Keywords: overweight and obesity in childhood and adolescence, national e-health program, cardiometabolic risk factors

1. Introduction

Obesity represents one of the most challenging public health problems of the 21st century owing to both its epidemic proportions worldwide and the associated significant morbidity and mortality [1]. During the last four decades, the prevalence of overweight and obesity in childhood and adolescence has risen substantially in most high-income countries and appears to be rising rapidly in low-income and middle-income countries [1,2,3]. According to the World Health Organization (WHO), 41 million children under the age of 5 years and more than 340 million children and adolescents aged 5–19 years are estimated to be overweight or obese [3]. In Greece, the prevalence of overweight and obesity in childhood and adolescence exceeds 30–35%, which is among the highest rates in Europe [4].

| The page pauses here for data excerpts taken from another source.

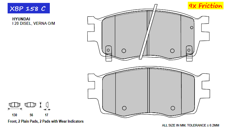 HYUNDAI 110 GRAND, XCENT Front, 2 Plain Pads, 2 Pads with Wear Indicator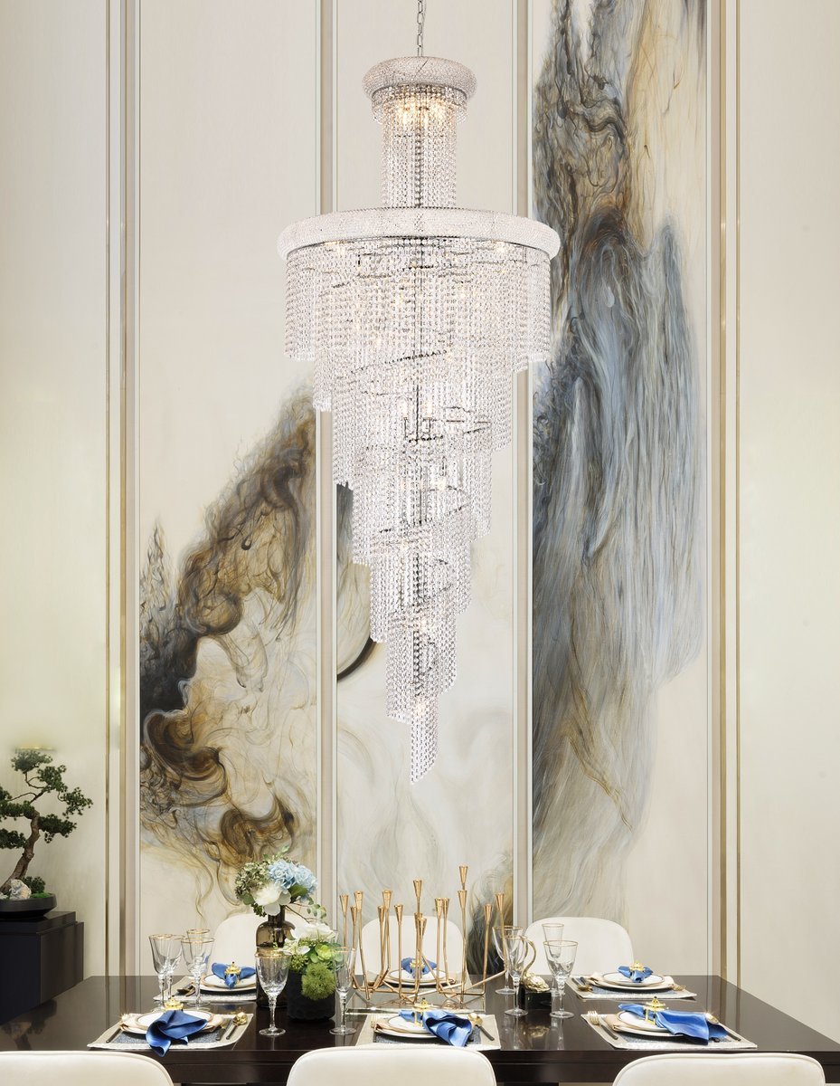 Spiral 32 light Chrome Chandelier Clear Royal Cut Crystal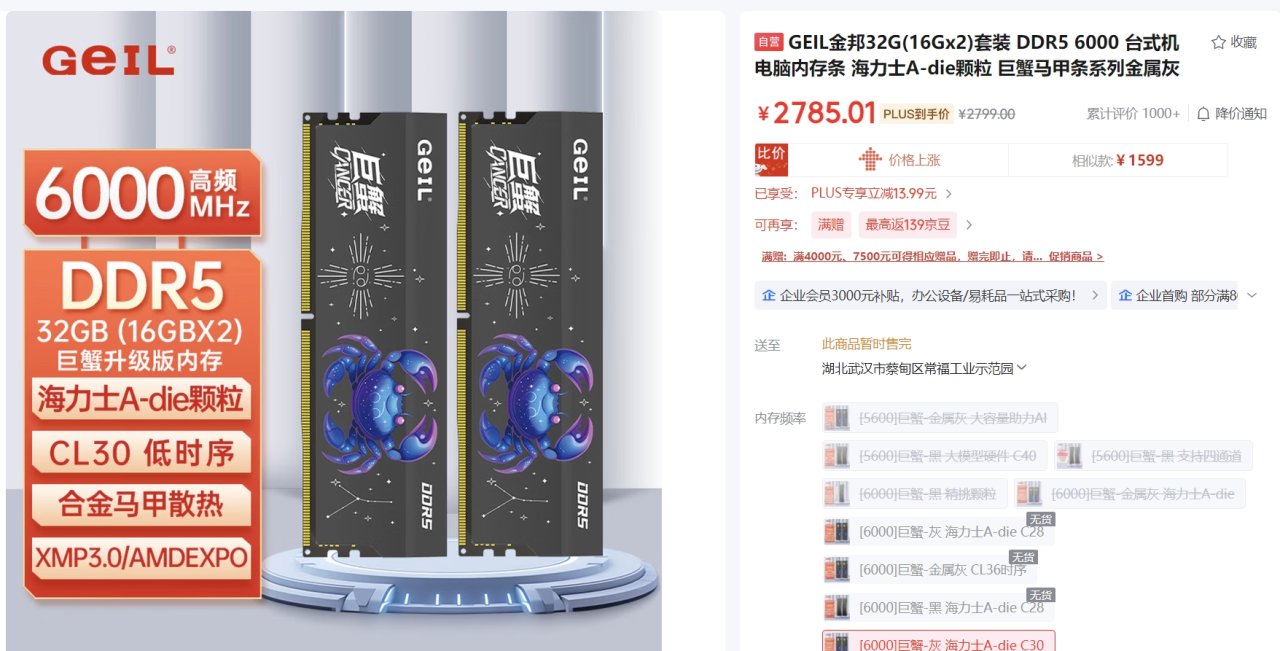 我随便看了一眼单根16G DDR5 6000内存,居然敢卖1500!32G套条更是直奔2700去了,这价格看得我头皮发麻,6000以下的机器几乎没得玩了。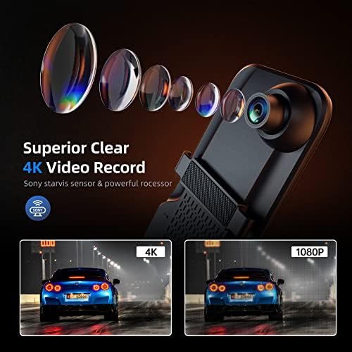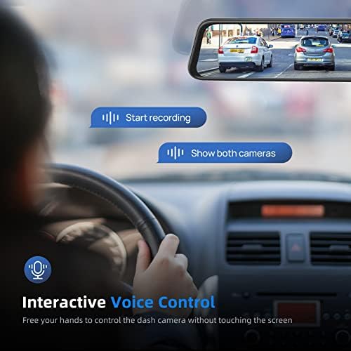 [Hands-free Interactive Voice Control]: Now Veement 4K wifi mirror dash cam allows you to use your voice to control the camera while dirving: Turn on(off) screen/ Lock the video/Show both cameras, ect. Access to basic functions using simple voice commands, which can keep your hands on the wheel, offering you a safer, more comfortable driving experience.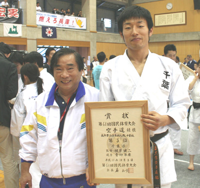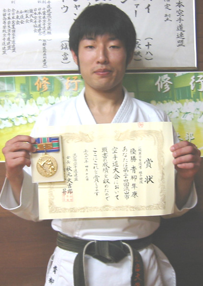 061001-03兵庫県豊岡市にて開催された大会で成年男子組手個人戦中量級の部で青柳隼康選手が第3位と大活躍!!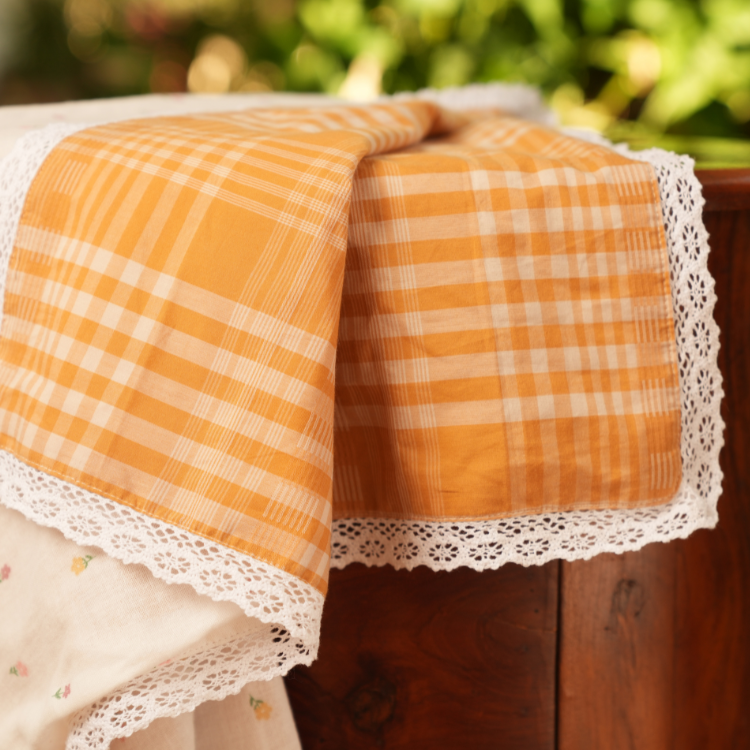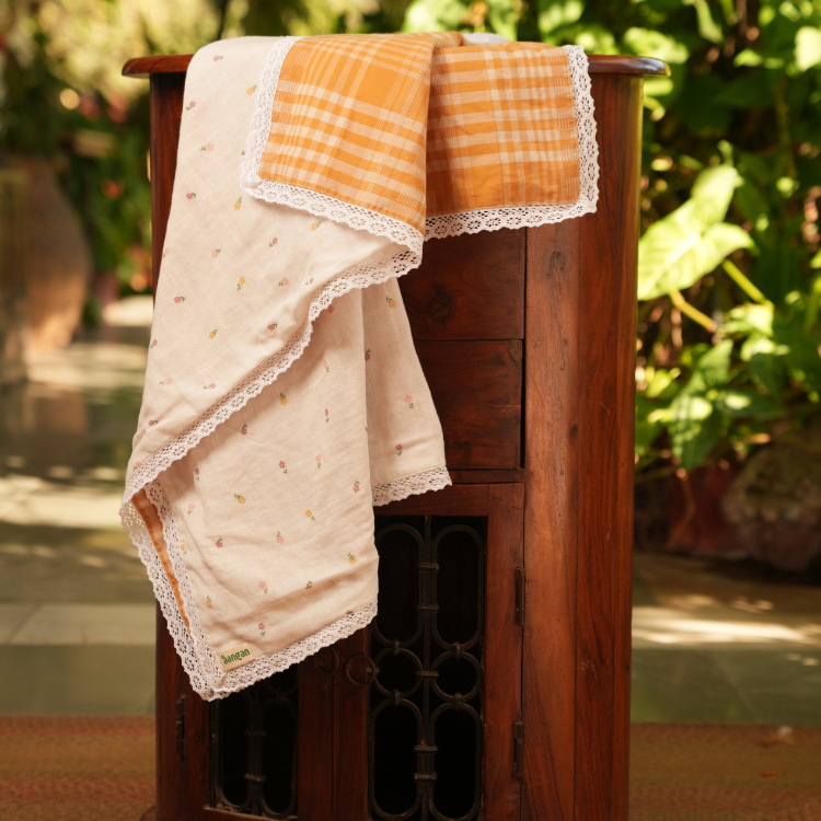 Small Flower Print with Mustard Checks Dohar
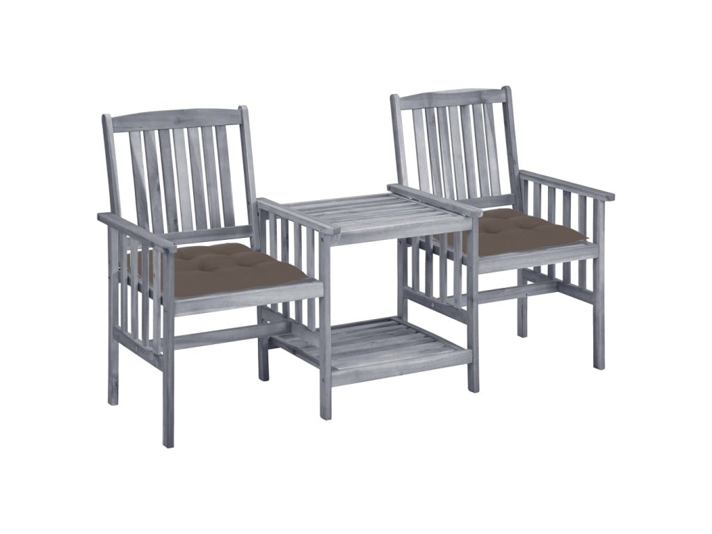 Zahradní židle s čajovým stolkem a poduškami masivní akácie 3061325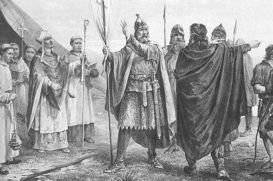 Явившись на аудиенцию в Новгородский кремль, Олав был радушно принят Ярославом — великим князем Киевским, а также князем Новгородским. Будучи шведом по происхождению, Ярослав бегло говорил по-скандинавски (возможно, это был его родной язык) и носил несомненно скандинавское имя — Ярицлейв Вальдамарссон***. Однако, будучи великим князем, он одевался по моде византийских императоров. На нем был длинный, богато украшенный драгоценностями и подбитый мехом кафтан (иначе называемый скарамангий) и именно в таком виде, восседая на золотом троне, он появлялся перед своим народом, если только не собирался идти на войну.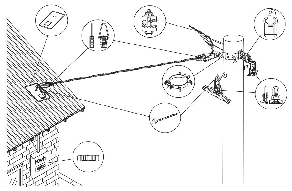 Kućni priključak samonosivim kablovskim snopom može se izvesti i na krovu kao što je prikazano na skici. Potrebno je na krov postaviti lim za kućni priključak kroz koji se vijak sa kukom učvršćuje za konstrukciju krova. Za kuku se kači zatezna stezaljka za kućni priključak, kojom se samonoseći kablovski snop prihvata. Sa stezaljke se kabl kroz otvor na limu za kućni priključak dalje vodi do glavnog razvodnog ormana (GRO) u kome se pomoću izolovanih vododihtujućih stezaljki – FID spaja sa kućnom instalacijom. Osim opreme na krovu potrebne su FIDOS stezaljke za spajanje za glavni distributivni vod.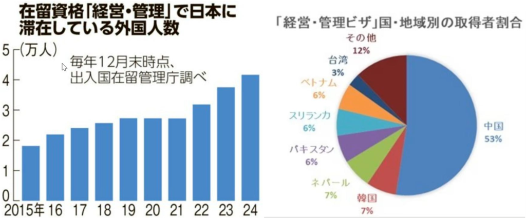 日本の出入国在留管理庁のデータによると、2024 年末時点で経営・管理ビザ保持者は約 41,615 人にのぼり、そのうち中国籍は約 21,740 人(全体の半数以上)を占めています。2015 年の約 7,000 人から 9 年間で 3 倍以上に増加しており、今回の政策変更が在日中国人経営者層に最も大きな影響を及ぼすとみられます。

Although the adipose tissue was originally considered a storage organ for triacylglycerol, it has long been recognized as a metabolically active endocrine organ that affects various biological processes, such as energy homeostasis, nutrition, immunity, glucose concentrations, lipid metabolism and angiogenesis [5]. Obesity is characterized by a marked increase in the adipose tissue in the body and is defined by the Body Mass Index (BMI; the weight in kilograms divided by the square of the height in meters). Although it is not the most representative indicator of body composition, especially for muscular or very tall people, it is nevertheless the most widely used. According to the World Health Organization, for adults, overweight is defined as BMI between 25–30 kg/m2 and obesity as BMI > 30 kg/m2 [1,6]. In children and adolescents these cut-off limits are not clear and vary depending on chronological age and gender. Accordingly, in childhood and adolescence, overweight is defined as BMI between 85th–95th percentile, while obesity is defined as BMI > 95th percentile for age and gender [6].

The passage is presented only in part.